Bayer shares with historic price crash

Bayer shares with historic price crash
Bayer shares with historic price crash

Bayer's Tumultuous Journey with Historic Share Crash

The pharmaceutical and agricultural giant Bayer is currently grappling with a series of setbacks, with their share price plummeting to record lows. The latest blow came in the form of a glyphosate trial verdict and the suspension of a critical drug trial. Investors are understandably unimpressed, and Bayer's stock market value took a sizeable hit.

Glyphosate Litigation and Drug Trial Setbacks

The U.S. court handed down another glyphosate trial loss to Bayer, this time ordering the company to pay 1.56 billion U.S. dollars to four plaintiffs. Bayer has announced its intention to appeal the decision. Meanwhile, the company's promising drug trial for asundexiane was prematurely halted due to inefficacy. This drug, with a potential peak sales value of over 5 billion euros, was considered a crucial component of Bayer's pharmaceutical pipeline.

The Impact on Bayer's Pharmaceutical Division

The setbacks hit Bayer's pharmaceutical division particularly hard. Bayer's bestsellers, including Xarelto and Eylea, are due to lose market exclusivity in the mid-decade. Analysts had been optimistic about the pipeline with the inclusion of Asundexian; however, the sudden discontinuation of the trial has now raised significant concerns.

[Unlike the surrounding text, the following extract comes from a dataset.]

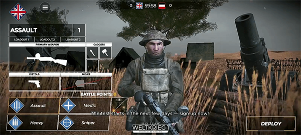 一战火灾风暴国际版最新版是一款以第一次世界大战为背景的移动射击游戏,专为手机玩家打造。游戏不仅以复古风格的3D画面精细再现了一战时期的战场氛围、武器与装备,更从经典射击作品中汲取灵感,设计了突击、医疗、狙击等多类职业,每类职业都拥有独特的技能与战斗定位,强调团队配合与战术策略。游戏针对移动设备进行全面优化,操作流畅直观,并融入阵营选择、武器切换、地形利用等丰富机制,在提供沉浸式单兵体验的同时,也格外注重团队协作与战场适应性,让玩家在掌上即可感受历史战役的激烈与深度。 游戏特色 1、背景设定 游戏以第一次世界大战为背景,玩家将体验到那个时代的战争环境和战术策略。 2、职业设定 游戏中包含多种职业角色,如突击兵、医疗兵、狙击兵等,每个职业都有其独特的技能和作用。 3、画面风格 采用复古风格的3D画面,真实还原了一战时期的武器和装备,给玩家带来沉浸式的游戏体验。 4、系统优化 游戏针对移动设备进行了全面优化,操作流畅,适合在各种设备上运行。 一战火灾风暴国际版中文设置教程 1、打开一战火灾风暴国际版手游,点击【SETTINGS】进入设置 2、在【GENERAL】功能栏,点击切换中文 PS:需要提升等级解锁 一战火灾风暴国际版手游玩法指南 1、选择合适的阵营 不同阵营拥有独特的战术风格与装备配置,新手建议从平衡型阵营开始体验,便于熟悉游戏机制。 2、灵活切换武器 根据战场局势适时更换霰弹枪、步枪或狙击枪等武器,以应对不同距离的战斗,提高适应性与生存能力。 3、善用职业特性 充分发挥各职业优势:医疗兵及时治疗队友,突击兵专注前线突破,狙击兵提供远距离火力支援,协同发挥团队作用。 4、注重地形与掩体利用 巧妙借助地形回避敌方攻击,占据有利掩体并寻找最佳射击视角,以保持攻防优势。 5、依靠团队协作取胜 避免孤军深入陷入包围,多与队友沟通配合,通过协同行动赢得最终胜利。 游戏亮点 1、超多武器自由选择,找到自己喜欢的武器使用。 2、战斗过程十分快速,因此玩家需要制定多种计划。 3、开局可以选择不同模式游玩,发现更多的乐趣。 游戏优势 提供丰富的武器选择,玩家可以根据个人喜好挑选适合的战斗装备。 快节奏的战斗体验,要求玩家迅速制定并调整策略以应对多变的战场情况。 多样化的游戏模式,开局即可选择不同玩法,探索更多战斗乐趣。 真实再现第一次世界大战场景,参与逼真的堑壕战与战术对抗。 战斗地图基于历史真实地点设计,如索姆河等标志性战场,增强沉浸感。 支持动态多人在线对战,在团队死亡竞赛模式中与其他玩家协同作战。 基于职业的系统设计,提供多种士兵职业选项,每种职业配备独特技能和武器。 各类士兵职业适应不同的游戏风格,无论是突击、狙击还是支援都能找到合适角色。 强调团队合作的重要性,在快节奏的多人战斗中实现战术配合与策略执行。 |

Bayer's Ongoing Challenges

The challenges don't end there for Bayer. The pharmaceutical industry is highly competitive, and Bayer faces multiple challenges. The top-selling drug Xarelto is seeing a drop in sales ahead of its patent expiration. Furthermore, emerging drugs like acoramidis and elinzanetant face stiff competition and regulatory challenges.

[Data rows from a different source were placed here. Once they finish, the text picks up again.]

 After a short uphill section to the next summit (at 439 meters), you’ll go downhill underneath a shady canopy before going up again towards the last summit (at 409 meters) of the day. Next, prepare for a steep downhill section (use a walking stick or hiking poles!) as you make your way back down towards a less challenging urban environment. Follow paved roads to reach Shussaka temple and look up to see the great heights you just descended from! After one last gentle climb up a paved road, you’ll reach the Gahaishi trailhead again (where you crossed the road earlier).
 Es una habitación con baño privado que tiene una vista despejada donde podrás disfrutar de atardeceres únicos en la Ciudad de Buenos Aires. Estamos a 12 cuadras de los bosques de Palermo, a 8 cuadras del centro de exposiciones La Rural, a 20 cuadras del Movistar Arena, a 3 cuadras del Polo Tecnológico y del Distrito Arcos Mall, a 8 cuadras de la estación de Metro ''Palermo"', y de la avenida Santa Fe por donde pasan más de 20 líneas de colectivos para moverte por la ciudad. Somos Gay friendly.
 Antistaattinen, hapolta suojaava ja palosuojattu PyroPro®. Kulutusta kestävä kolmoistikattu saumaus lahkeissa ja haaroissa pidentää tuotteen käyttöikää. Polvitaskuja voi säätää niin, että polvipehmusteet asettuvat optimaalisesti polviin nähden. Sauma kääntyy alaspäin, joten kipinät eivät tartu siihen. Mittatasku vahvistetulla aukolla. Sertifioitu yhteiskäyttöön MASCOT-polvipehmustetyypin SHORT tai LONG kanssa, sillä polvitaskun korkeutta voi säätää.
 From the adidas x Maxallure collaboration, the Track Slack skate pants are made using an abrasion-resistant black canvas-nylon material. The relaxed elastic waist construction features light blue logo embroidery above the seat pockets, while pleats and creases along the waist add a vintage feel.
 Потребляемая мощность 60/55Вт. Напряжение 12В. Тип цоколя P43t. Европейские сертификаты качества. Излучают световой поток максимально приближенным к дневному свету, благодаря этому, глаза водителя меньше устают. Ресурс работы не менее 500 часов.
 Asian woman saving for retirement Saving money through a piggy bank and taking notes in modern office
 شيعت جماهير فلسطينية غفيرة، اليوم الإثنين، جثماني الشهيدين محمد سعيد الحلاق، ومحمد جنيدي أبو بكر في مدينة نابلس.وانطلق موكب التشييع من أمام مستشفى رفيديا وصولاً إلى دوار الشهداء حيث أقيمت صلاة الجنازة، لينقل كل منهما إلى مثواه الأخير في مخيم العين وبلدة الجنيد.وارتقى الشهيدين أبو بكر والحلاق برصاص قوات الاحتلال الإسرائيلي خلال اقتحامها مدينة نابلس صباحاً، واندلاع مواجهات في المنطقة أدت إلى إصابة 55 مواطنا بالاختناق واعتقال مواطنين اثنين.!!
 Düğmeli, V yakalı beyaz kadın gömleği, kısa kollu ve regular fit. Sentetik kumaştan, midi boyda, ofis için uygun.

The legal battle over glyphosate continues, posing a significant threat to the company. Bayer's CEO, Bill Anderson, has described the legal liabilities as an "existential threat."

Bayer CropScience's Performance is also a concern, with its stock price and net profit experiencing a downturn.

In Conclusion

Bayer's share price crash is a result of a combination of factors, including legal setbacks and pharmaceutical pipeline challenges. The company's future success will depend on its ability to overcome these hurdles and seize growth opportunities in new drug launches.